The short answer
Sort by set if you're a completionist, by rarity if you're an active puller, and by type if the binder is for display. Most collectors eventually run two binders: one master-set binder organized by set order, and one 'best of' binder organized by rarity. If you only ever build one binder, pick the system that matches why you're collecting — completion, accumulation, or showing off.
By set — best for completionists
Cards sit in official collector-number order, exactly as the set was printed. It's the most satisfying system if your goal is a complete set, because the binder doubles as a checklist: every gap is a card you still need. The cost is discipline — you have to leave empty pockets (ideally filled with placeholder cards) so the order never breaks. If you love the idea of holding an entire set in sequence, this is the one.

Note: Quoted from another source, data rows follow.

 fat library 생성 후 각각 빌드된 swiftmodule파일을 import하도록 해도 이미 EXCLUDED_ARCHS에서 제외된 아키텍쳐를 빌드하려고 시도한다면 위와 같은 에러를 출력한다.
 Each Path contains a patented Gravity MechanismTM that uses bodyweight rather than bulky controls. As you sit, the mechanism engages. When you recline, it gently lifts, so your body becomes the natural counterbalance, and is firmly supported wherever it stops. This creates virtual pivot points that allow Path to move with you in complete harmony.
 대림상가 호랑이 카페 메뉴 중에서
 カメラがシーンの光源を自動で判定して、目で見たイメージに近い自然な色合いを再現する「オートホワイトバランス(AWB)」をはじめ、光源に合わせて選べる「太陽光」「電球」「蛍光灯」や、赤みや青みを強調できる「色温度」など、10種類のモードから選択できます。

By rarity — best for active pullers
Commons up front, chase cards in back. The huge advantage is maintenance: when you open packs constantly, a rarity binder absorbs new cards without ever forcing a re-sort, and your best pulls naturally collect on the back pages where they're a pleasure to flip through. It's the lowest-effort system for people who value 'everything has a home' over 'everything is in order.'
By type — best for display
Grouping by Fire, Water, Grass, and so on makes the most visually pleasing binder and the most intuitive one for kids, since it mirrors how people naturally think about Pokémon. It's the weakest choice for completion — one set's cards scatter across every type — but the strongest for a binder that's meant to be admired rather than finished.
How to decide in 30 seconds
Ask one question: when you open this binder, what do you most want to see? If the answer is 'how close I am to finishing a set,' sort by set. If it's 'all my cards have a place to go,' sort by rarity. If it's 'my collection looking great,' sort by type. Your honest answer to that question is almost always the right system — don't overthink it.

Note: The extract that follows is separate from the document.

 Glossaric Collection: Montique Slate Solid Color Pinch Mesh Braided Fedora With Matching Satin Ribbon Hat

The two-binder system most people end up with
There's a reason experienced collectors stop trying to make one binder do everything: the goals genuinely conflict. A set binder wants strict order and empty gaps; a display binder wants only your best cards with no gaps at all. Running both — a by-set completion binder and a by-rarity or by-type showcase — lets each one be great at its job. Start with whichever matters more to you and add the second when your collection outgrows the first.

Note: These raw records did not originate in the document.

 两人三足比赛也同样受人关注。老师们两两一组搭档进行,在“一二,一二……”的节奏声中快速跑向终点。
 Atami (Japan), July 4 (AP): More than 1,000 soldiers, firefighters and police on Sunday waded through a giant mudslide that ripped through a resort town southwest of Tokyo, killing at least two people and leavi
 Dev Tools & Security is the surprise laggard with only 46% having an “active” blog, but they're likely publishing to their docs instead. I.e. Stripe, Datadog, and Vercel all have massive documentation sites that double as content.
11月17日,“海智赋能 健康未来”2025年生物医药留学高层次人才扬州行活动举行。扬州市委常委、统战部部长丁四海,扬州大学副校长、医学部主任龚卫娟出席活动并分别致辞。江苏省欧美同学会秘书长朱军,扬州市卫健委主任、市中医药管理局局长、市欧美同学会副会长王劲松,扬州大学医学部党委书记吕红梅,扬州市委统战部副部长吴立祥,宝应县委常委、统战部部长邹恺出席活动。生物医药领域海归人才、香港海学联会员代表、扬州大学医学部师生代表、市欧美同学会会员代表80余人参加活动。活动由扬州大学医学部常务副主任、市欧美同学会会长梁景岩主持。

Switching systems without starting over
If you've outgrown your current setup, you don't have to re-sleeve everything in one sitting. Pull cards into temporary stacks by your new categories first, lay out the page order on a table, and only then load the pages. Side-loading pages make this painless because cards slide in and out cleanly. Do it one set or one type at a time over a few evenings rather than trying to rebuild the whole binder at once.